Feuer did not mention the decision in Tao. She did, however make clear that the holding in Marina is irreconcilable with that in United Talent Agency.

She recounted that in Marina, “[w] e recognized the decision by our colleagues in Division Four of this district in United Talent Agency v. Vigilant Ins. Co.was not distinguishable in that it presented similar allegations to those at issue in Marina Pacific.”

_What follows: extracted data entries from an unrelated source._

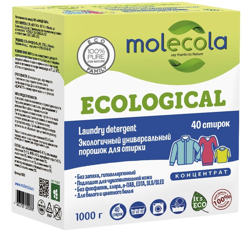Waschpulver ist für Maschinen- und Handwäsche geeignet, 0,5 kg reichen je nach Verschmutzungsgrad für 8-16 Wäschen. Beschädigt die Stofffasern nicht, sorgt für Weichheit und erleichtert das Bügeln. Enthält keine Duftstoffe. Vollständig ausgespült ohne zusätzliches Spülen. Zutaten: zerkleinerte pflanzliche Waschseife, Natriumpercarbonat, Glycerin, TAED-Aktivator. Durchschnittspreis: 320 Rubel.
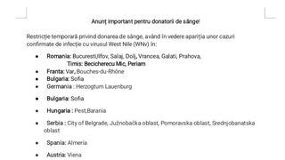 Centrul Regional de Transfuzie Sanguină Timișoara a anunțat o restricție temporară privind donarea de sânge în anumite zone, ca urmare a apariției unor cazuri confirmate de infecție cu virusul West Nile. Măsura este valabilă până la 30 octombrie 2025 și vizează persoanele care locuiesc sau au călătorit recent în regiunile afectate din România și din alte țări europene, după cum urmează.
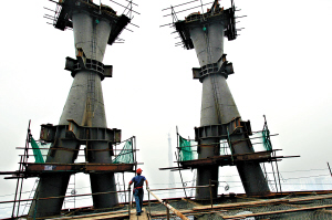 ②建设中的西塔第47层,巨大的核心筒每天都在往上长;不远处在建中的电视塔在雾中依稀可见。 倪黎祥 摄
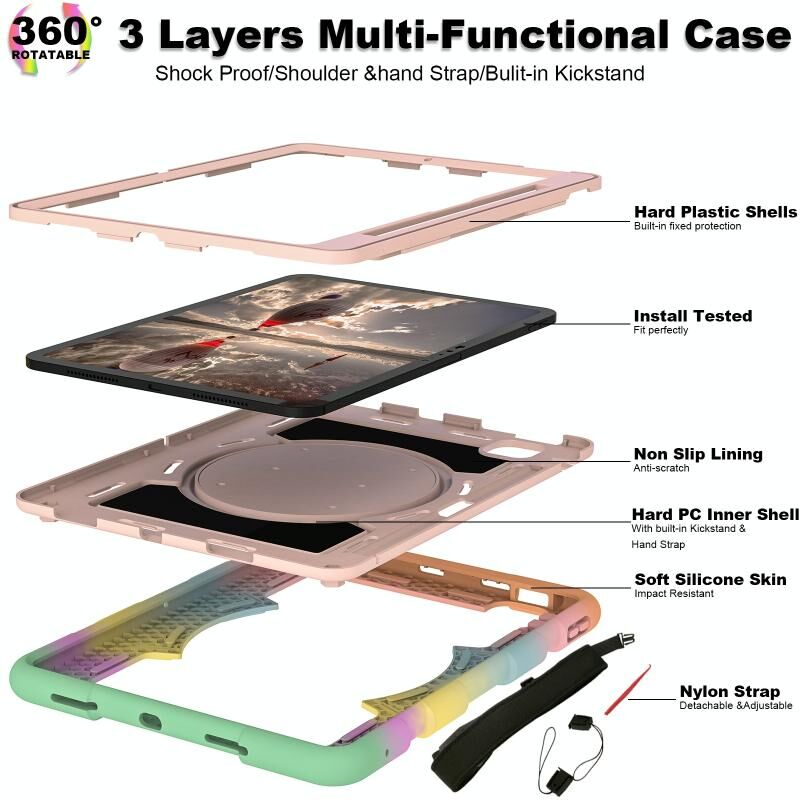 Για iPad Pro 11 2024 Υβριδική θήκη tablet σιλικόνης PC Shockproof με λουράκι ώμου (πολύχρωμο χρυσό)
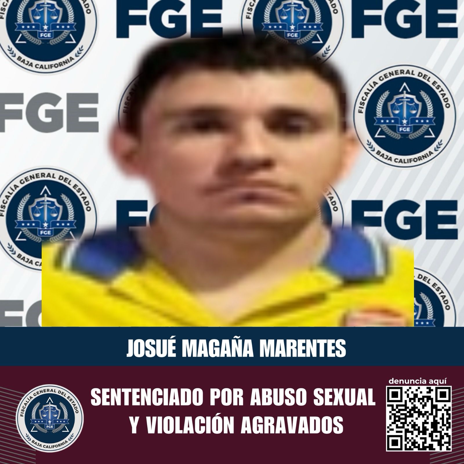 TIJUANA, BAJA CALIFORNIA. - La Fiscalía General del Estado informa que, como resultado del trabajo firme y coordinado de la Unidad de Investigación Especializada en Delitos Sexuales, adscrita a la Fiscalía Especializada en Delitos contra Mujeres por Razón de Género, se obtuvo una sentencia condenatoria de 16 años de prisión en contra de Josué Magaña Marentes, por su responsabilidad penal en la comisión de los delitos de abuso sexual y violación agravados.
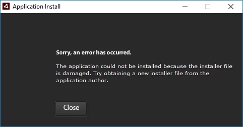 The application could not be installed because the installer file is damaged. Try obtaining a new installer file from the application author.
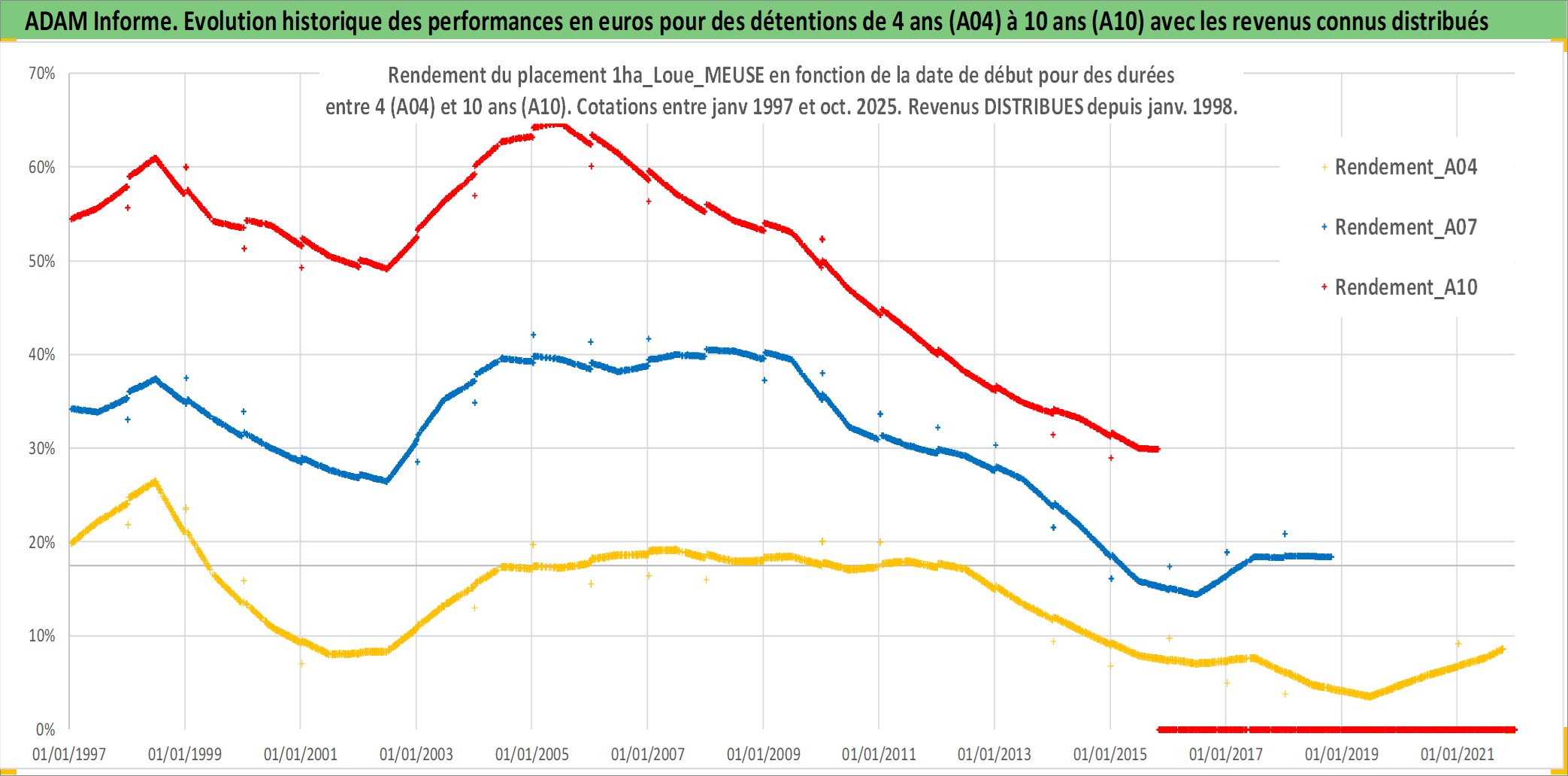 Site dédié aux investisseursPage dédiée sur site financeAnalyse des valorisations hebdomadaires de l'actif 1ha_Loue_MEUSE. Cet actif est cote en EUR. Les valorisations couvrent les semaines 1997W01 a 2025W44. Les fermages de ce bien foncier sont pris egaux a 2,5% annuels de la valeur venale du bien.
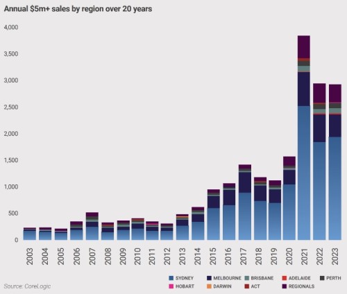 That growth is part of a longer-term trend in which the number of property sales above $5 million has surged 1,151 per cent in the two decades to 2023.
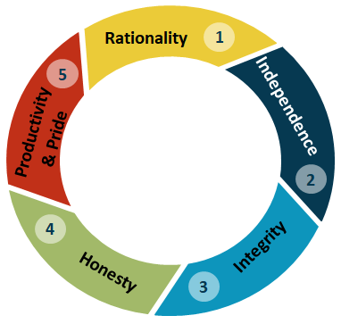 Values are invariably assessed on a 3 point scale. (1)Does not live the values (2)Lives the values & (3)Sponsors the values.
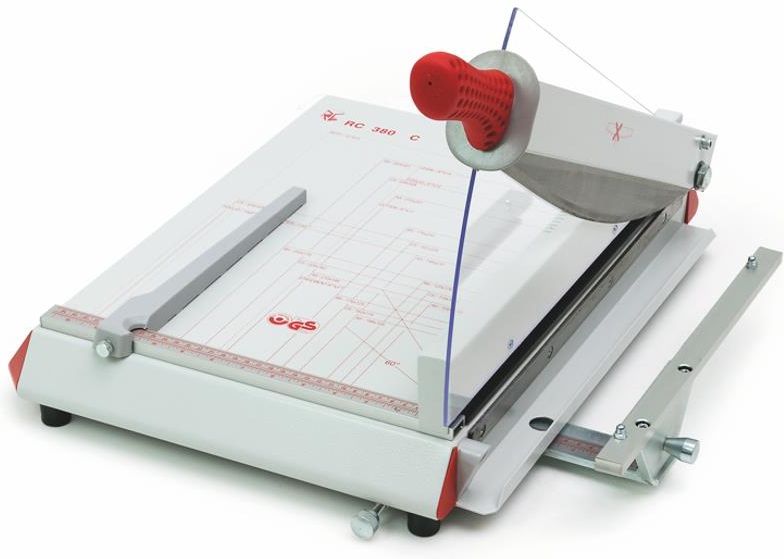 Gilotyna RC 380 C: Obcinarka biurowa RC 380 C z dociskiem automatycznym, tnie bez wysiłku jednorazowo nawet do 50 arkuszy! Bezpieczeństwo i wygoda pracy zostały potraktowane przez producenta absolutnie bezkompromisowo. – długość cięcia 380 mm – znakomicie radzą sobie z szerokimi wydrukami komputerowymi – jednorazowo przecina do 50 kartek 70g – wyposażona w przezroczystą osłonę noża, zapewniającą bezpieczeństwo pracy – ergonomiczny uchwyt przeciwpoślizgowy – na blatach roboczych znajdują się standardowe szablony formatów – regulowany ogranicznik formatów – wymiar blatu: 430x420mm – obcinarka RC 380 C jest wyposażona w dodatkowy zewnętrzny ogranicznik formatu.
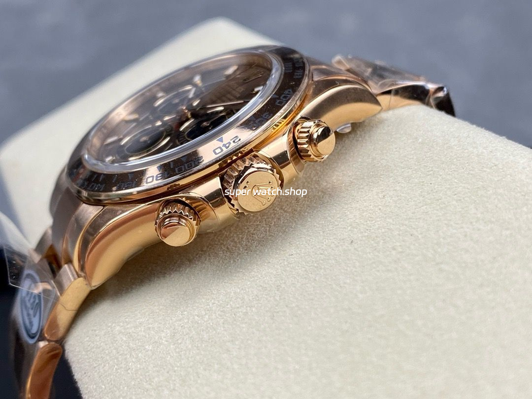 The Clean Factory Daytona 116505 is crafted from premium 904L stainless steel with vacuum-plated 18K Everose gold. The color tone is perfectly matched to Rolex’s proprietary Everose gold—neither too red nor too yellow—avoiding the common fading or discoloration issues found in lower-quality replicas.
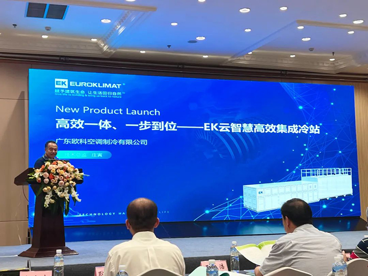 年(nián)會現場(chǎng),EK空調技術應用總監莊寅以《高效(xiào)一(yī)體、一步到位——EK雲智(zhì)慧高效集成(chéng)冷站》為(wéi)題(tí)發表(biǎo)演講,和現場嘉(jiā)賓介紹(shào)了EK高效機房係統核心產品——分布式-雲智慧高效一體集成冷站的組成、特點、優(yōu)勢、應(yīng)用場景和(hé)項目案例。

The jurist went on to say:

“…Century-National argues Marina Pacific embodies a ‘narrow exception’ to the general rule that pandemic-related damages are not recoverable under business loss coverage, and it urges us instead to follow the skeptical approach taken by Division Four of this district in United Talent Agency.We see no reason to deviate from our decision in Marina Pacific, which did not carve out simply a ‘narrow exception,’ as suggested by Century-National.

Bad-Faith Claim

Cava has validly pled a cause of action for bad-faith refusal to settle, Feuer declared, explaining:

“Century-National does not challenge the sufficiency of the allegations it failed to conduct any investigation of La Cava’s claim; rather, it contends its denial was based on a disputed interpretation of the policy. But a genuine dispute foreclosing a bad faith claim exists only where the insurer’s position is maintained ‘in good faith and on reasonable grounds.’…At the pleadings stage, Century-National’s denial of coverage just three weeks after La Cava tendered its claim and in the earliest days of our understanding of the novel COVID-19 virus, cannot be deemed as a matter of law to have been made in good faith with reasonable grounds.”

She continued:

“Century-National treats Marina Pacific as a sea change in the law and characterizes its own position in April 2020 as clearly justified by the later endorsement of that position by numerous district courts. But at the time, it was settled law that environmental contamination that resulted in physical damage could trigger business income coverage….La Cava alleged COVID-19 was present and physically damaged its restaurant, and it alleged its insurance claim was not limited to civil authority coverage. And, as alleged, Century-National did not take any steps to determine whether COVID-19 caused physical damage to the La Cava premises before denying coverage.”

The case is Shusha v. Century-National Ins. Co., B313907.

Katheryn Lee Boyd and Kristen L. Nelson of the mid-Wilshire firm of Hecht Partners joined with New York lawyer Jonathan A. Sorkowitz in putting forth La Cava’s position. Spencer A. Schneider and Karen E. Adelman of the West Los Angeles firm of Berman Berman Berman Schneider & Lowary represented the insurer.